▶ _What is expected_: Look through the listing below for the line containing "2026-02-12瑞达期货鸡蛋产业日报20260212". Copy it and each line after it up to and including the line containing "山崎実業(Yamazaki) ティッシュケース レギュラーサイズ", exactly, leaving out pictures.

▶ _Task inputs_:
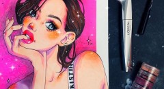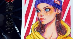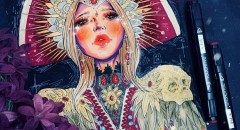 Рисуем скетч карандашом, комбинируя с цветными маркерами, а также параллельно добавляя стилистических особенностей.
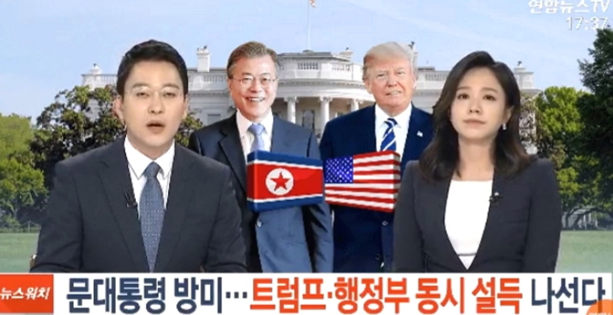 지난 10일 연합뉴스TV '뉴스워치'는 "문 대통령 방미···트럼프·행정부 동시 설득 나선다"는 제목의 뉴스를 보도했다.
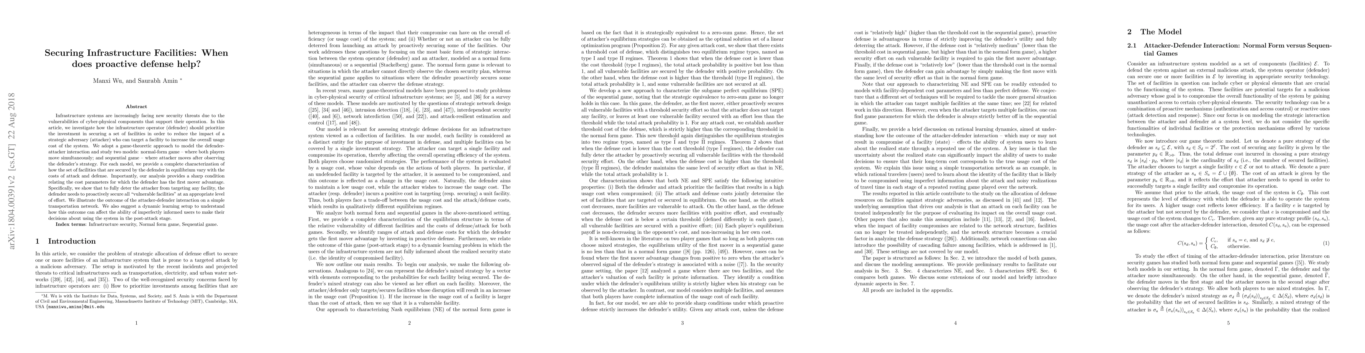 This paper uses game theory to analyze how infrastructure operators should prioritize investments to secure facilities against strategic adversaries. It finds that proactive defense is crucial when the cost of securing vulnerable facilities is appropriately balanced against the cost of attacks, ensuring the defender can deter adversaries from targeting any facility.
--
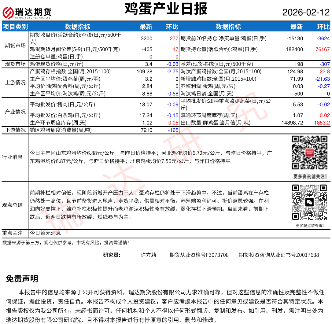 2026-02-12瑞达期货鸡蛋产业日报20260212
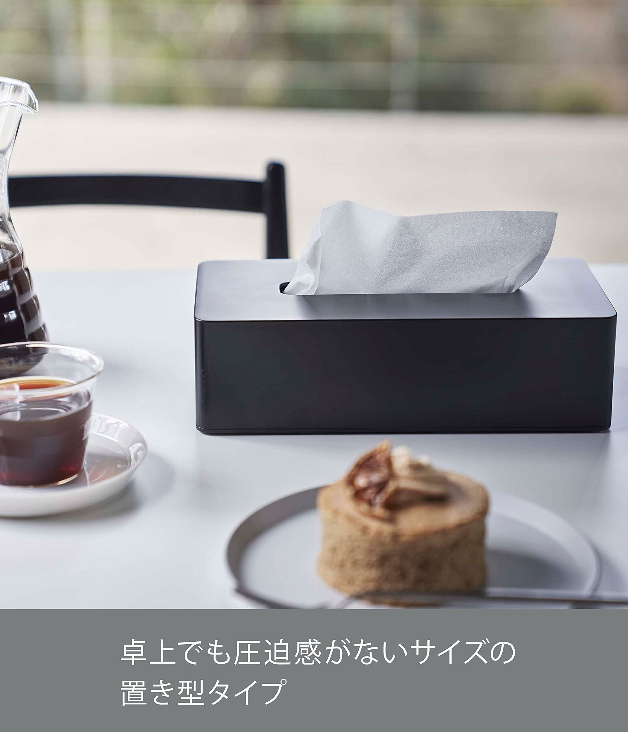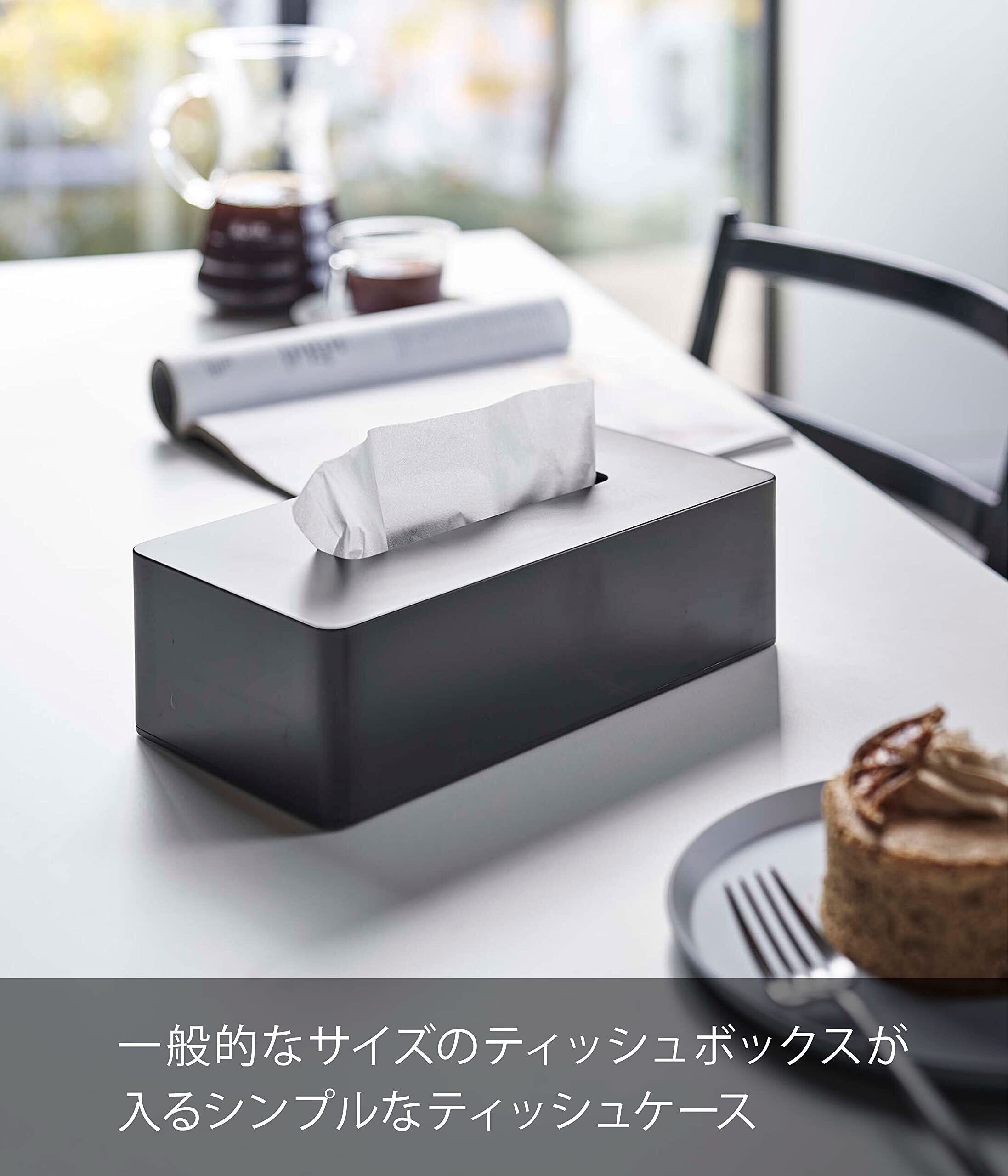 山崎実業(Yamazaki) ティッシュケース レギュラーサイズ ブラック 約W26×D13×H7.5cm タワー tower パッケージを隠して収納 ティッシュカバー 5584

▶ _Result_:
 2026-02-12瑞达期货鸡蛋产业日报20260212
 山崎実業(Yamazaki) ティッシュケース レギュラーサイズ ブラック 約W26×D13×H7.5cm タワー tower パッケージを隠して収納 ティッシュカバー 5584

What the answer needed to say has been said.